While the Lebanese healthcare system has been resilient in navigating through previous phases of political instability, the stress experienced by it during the current period of anti-government protests is challenging on many levels.
In a press release issued on December 10, 2019, Human Rights Watch underscored the impact of the financial crisis on the right to health and urged both the Finance Ministry to disburse funds owed to hospitals and the Central Bank to develop clear and cohesive regulations for businesses.
Less than a month later, the head of the Syndicate of Private Hospitals, Sleiman Haroun, told local media that hospitals have been unable to perform many surgeries due to their inability to pay for medical supplies and spare parts for medical equipment.
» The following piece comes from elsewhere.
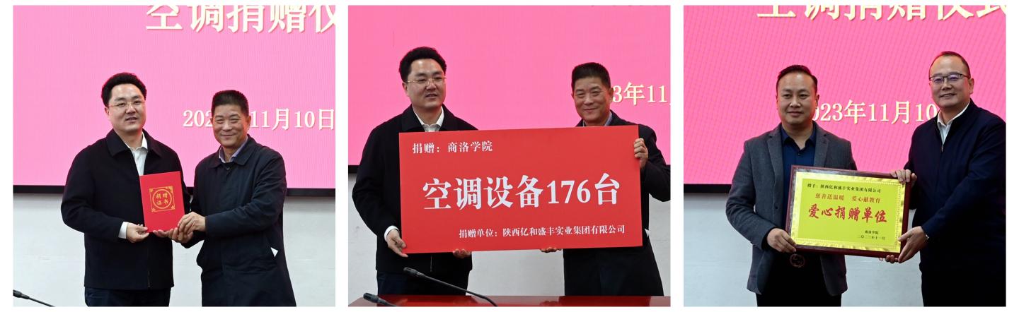 范新會代表全校師生對陜西億和盛豐實業集團有限公司的善行義舉表示感謝。他指出,黃鵬主席情系家鄉,心系我校,在疫情防控及學校發展的關鍵時刻,慷慨解囊,紓難解困,先后為我校捐贈了防疫物資、疫情防控隔離房、智慧校園設備等物資和設施,用實際行動關注、支持我校建設發展。本次為我校學生公寓捐贈空調設備,再一次體現了陜西億和盛豐實業集團有限公司對我校事業發展的持續關心與大力支持。學校將進一步加快改革發展步伐,扎實履行服務社會使命,為商洛經濟社會發展提供人才保障和智力支撐。

The basis for the effectiveness of Lebanon’s collaborative governance networks is in technical capacity, strategic intelligence, transparency, and consensual leadership. The fabric of these networks, and the services they offer, is rendered sensitive by the current state of the economy.
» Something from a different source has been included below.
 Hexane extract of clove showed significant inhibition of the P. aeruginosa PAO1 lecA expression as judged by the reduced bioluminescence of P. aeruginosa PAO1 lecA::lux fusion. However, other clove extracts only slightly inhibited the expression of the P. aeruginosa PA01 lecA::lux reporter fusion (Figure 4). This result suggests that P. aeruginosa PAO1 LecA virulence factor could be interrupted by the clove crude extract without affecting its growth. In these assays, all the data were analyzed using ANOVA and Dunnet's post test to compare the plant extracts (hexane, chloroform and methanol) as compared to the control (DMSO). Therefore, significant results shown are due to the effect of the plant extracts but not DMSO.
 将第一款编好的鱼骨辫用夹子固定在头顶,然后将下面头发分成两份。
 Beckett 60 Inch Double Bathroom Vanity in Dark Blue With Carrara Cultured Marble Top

On January 10, 2020, Hussain Isma’eel, president of the Medical Committee at AUBMC, wrote a commentary on the healthcare crisis in Lebanon and highlighted the importance of transparency, as well as the few steps taken towards the positive direction.
A relevant study published in 2012 sheds light on a topic that should be valuable to any future austerity measures: the role of informal politics and clientelistic networks in access to healthcare.
Informal practices, whereby access to social services is used as a deliberate strategy by politicians and political parties to gain and reward support, can affect access to healthcare and exacerbate health inequalities in the population.
In the context of weakened state institutions, the public sector plays a minimal role in ensuring social protection while non-state actors (such as political parties and NGOs) predominate in the welfare regime. The 2012 study by Bradley Chen and Melani Cammett looked at the role of informal politics in influencing access to healthcare at the individual level in Lebanon.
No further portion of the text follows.